While Stephen was studying at UC Santa Cruz, he became interested in biodynamic agriculture after apprenticing under Alan Chadwick. Eventually, he was given 15 acres of what is now Livepower, which he and his wife Gloria have come to own, expanding to 50 acres as well as 40 acres that they lease. Through the vein of biodynamics, Steven and Gloria exemplify the importance of a closed-loop farming system. With integrated crop/livestock systems, and the use of draft horse power, they are able to harvest all of their nutrients and fuel (in the form of horse labor, compost and manure) from their own land. Taking this viewpoint further in considering each part of his farm as an organ, all aspects of a truly self-sustaining farm are present on the property: animal husbandry, vegetable production, energy use, economics, and education play equally into the farm functioning as a whole organism.
Draft horses are powerful creatures; in their presence, we are taken aback by their immensity. Livepower has six, which, Stephen admits, is a few more than they really need. It seemed silly to ask about his opinion on the benefits of draft horses vs. gas-powered tools due to their obviously integral role on the property (for Stephen, it clearly isn’t even a competition), but when probed he explains: “Well, it’s hard to really put hard numbers on it because they provide and are good for so many things. Manure, obviously, but they also have very few maintenance costs if they’re well taken care of, and they replace themselves!” Livepower is now on their third generation of workhorses. Their machine yard is littered with what looks like antiques, tools built to last, and last they have.
In terms of energy use, direct sales to the local community, use of only draft animals for cultivation, and 130,000 watts of solar energy keep inputs to a minimum. Educational programs comprise about a quarter of the farms income, incorporating workshops taught by Stephen and Gloria such as Biodynamic preparation making and fieldtrips from local elementary schools.
One of the most interesting aspects of Livepower is their vision of the long term, which they are implementing by means of an agricultural easement they created for the property. This easement makes the property cost more affordable for potential new-owners, and also protects the land from any development that does not pertain to organic or biodynamic agriculture. Agricultural easements through Land Trusts are an important resource for people who wish to protect their property from development, and also may be the most financially realistic way for young farmers to acquire land. Land under agricultural easements is appraised and assessed at the current production value of the area, thus allowing for a more affordable opportunity for farmers looking at taking over the property. Stephen and Gloria are also looking into an alternative ownership model, potentially allowing for multiple owners to take over utilizing a democratic governance system that would permit young farmers to divide the responsibility of this large property while maintaining its fertility in the long term.

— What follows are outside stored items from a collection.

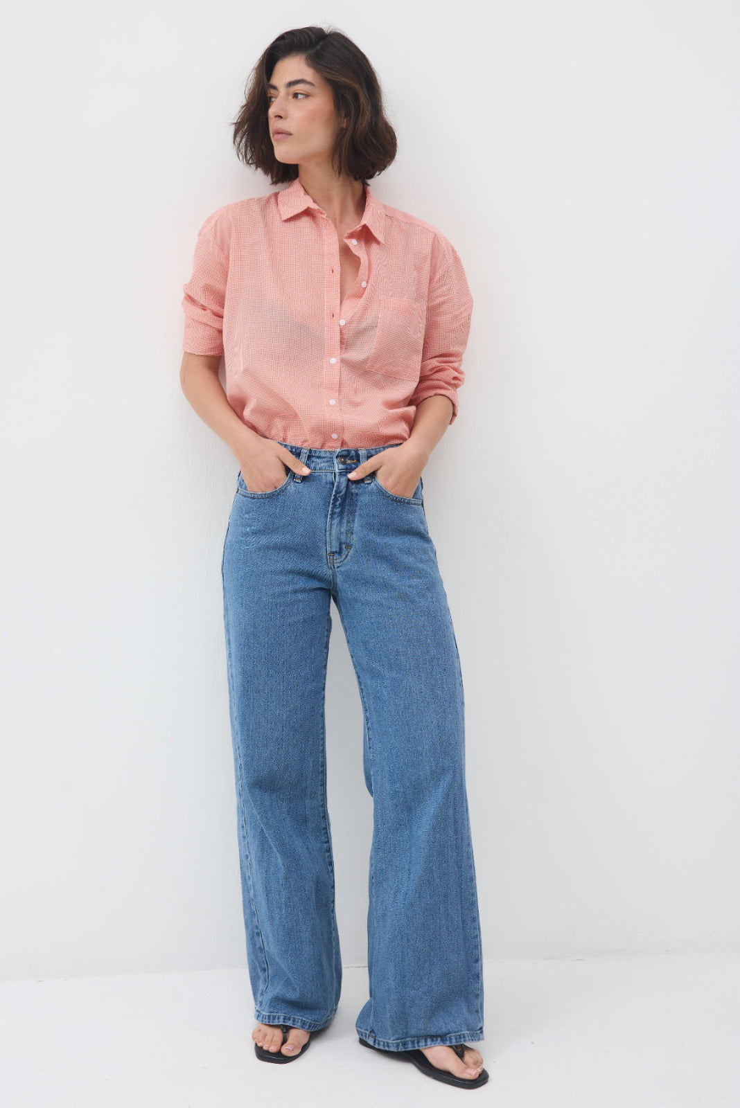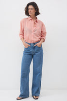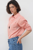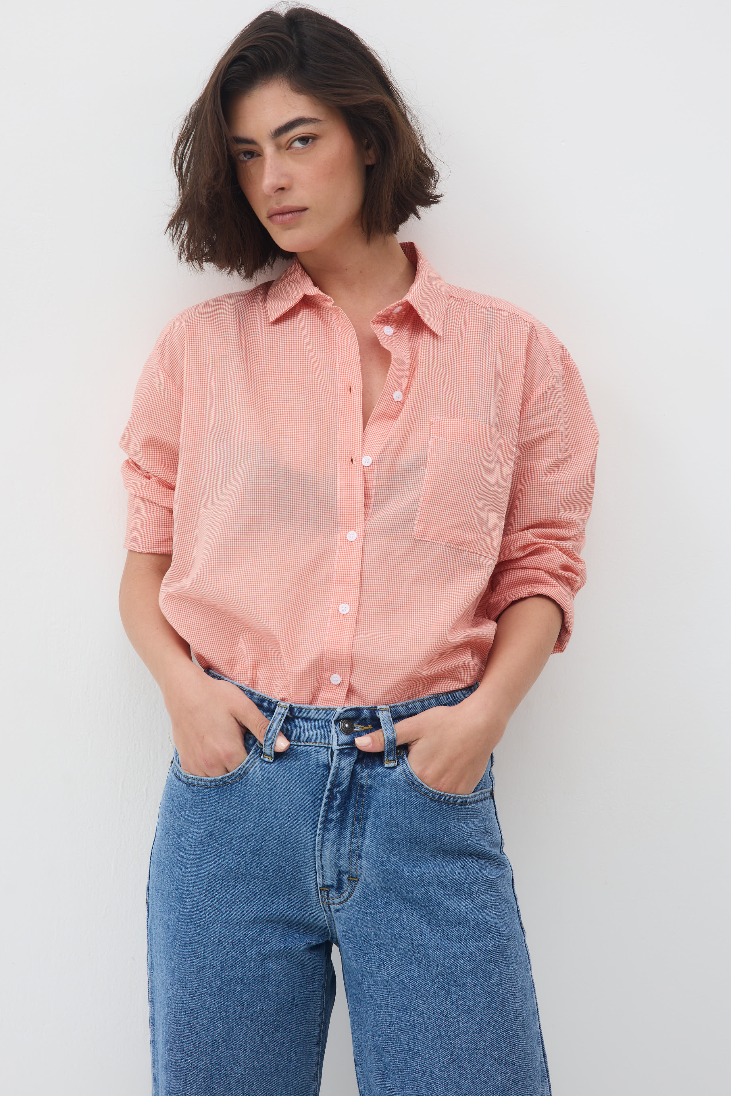 חולצה מכופתרת עם שרוולים ארוכים וצווארון גברי בגזרה משוחררת
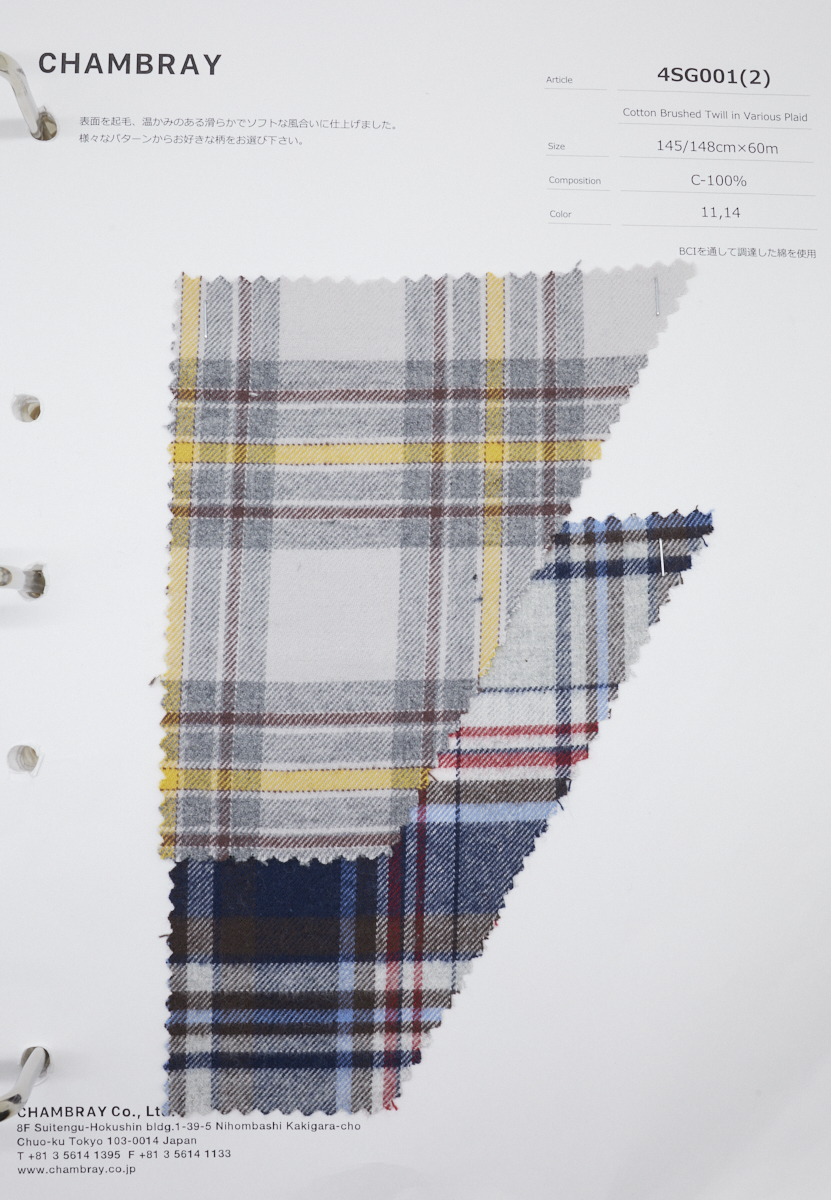 4SG001(2)Cotton Brushed Twill in Various Plaid
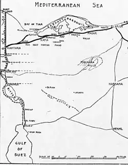 Murray planned a 50,000-strong garrison in the Katia area and obtained authority to build a pipeline to pump fresh Nile water and a railway to transport the infantry divisions and their supplies.[40] He also decided to empty the water cisterns at Moya Harab so the central Sinai route could not again be used by Ottoman columns advancing from Palestine and to maintain some troops at Suez to defend the town.[41] These operations began in February 1916 when construction started on the 25 miles (40 km) stretch of 4-foot 8 inch standard gauge Sinai railway and water pipeline from Qantara/Kantara to Qatiya/Katia.[39][40] By the end of March or early in April 16 miles (26 km) of track, including sidings, had been laid.[42]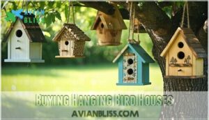 You’ll find hanging birdhouses made from wood, ceramic, resin, and metal materials, each offering different benefits for your backyard birds.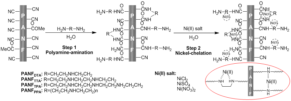 最近,該課題組再次在催化領域著名期刊Journal of catalysis發表文章。他們先通過在纖維的表層構筑不同鏈長的多級二胺配體,進而將其用于絡合不同種類的鎳鹽,并借助載體功能基和多功能協同等高分子效應,系統調控配體鏈接長短和陰離子的種類,成功獲取了一種纖維負載型鎳配合物催化劑(圖3)。該工作還采用多種表征技術,證實了纖維負載催化劑制備途徑的可靠性以及使用過程中的穩定性,并發現其在末端炔烴的碳氫鍵活化反應中具有顯著的催化應用性能(J. Catal. 2019, 372, 321-329)。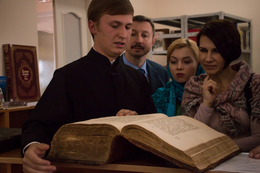 В библиотеке гостям семинарии были представлены древние богослужебные книги XVIII и XIX вв, а в читальном зале внимание экскурсантов было остановлено на портретах патриархов Русской Православной Церкви, среди которых есть иерархи прославленные в лике святых.

“If you ask a kid in the Bronx to describe the Garden of Eden, they’d describe a diversified farm,” he explains. Even if only subconsciously, people understand the cycle of life and the necessity of all types of organisms to complete the circle of soil to food; biodynamic farms emphasize this understanding. By educating the consumer population of their role in this cycle, we are able to mend the rip we have torn between us and our food systems. We must be supportive of these truly sustainable models in order for tour planet, life, and health to survive.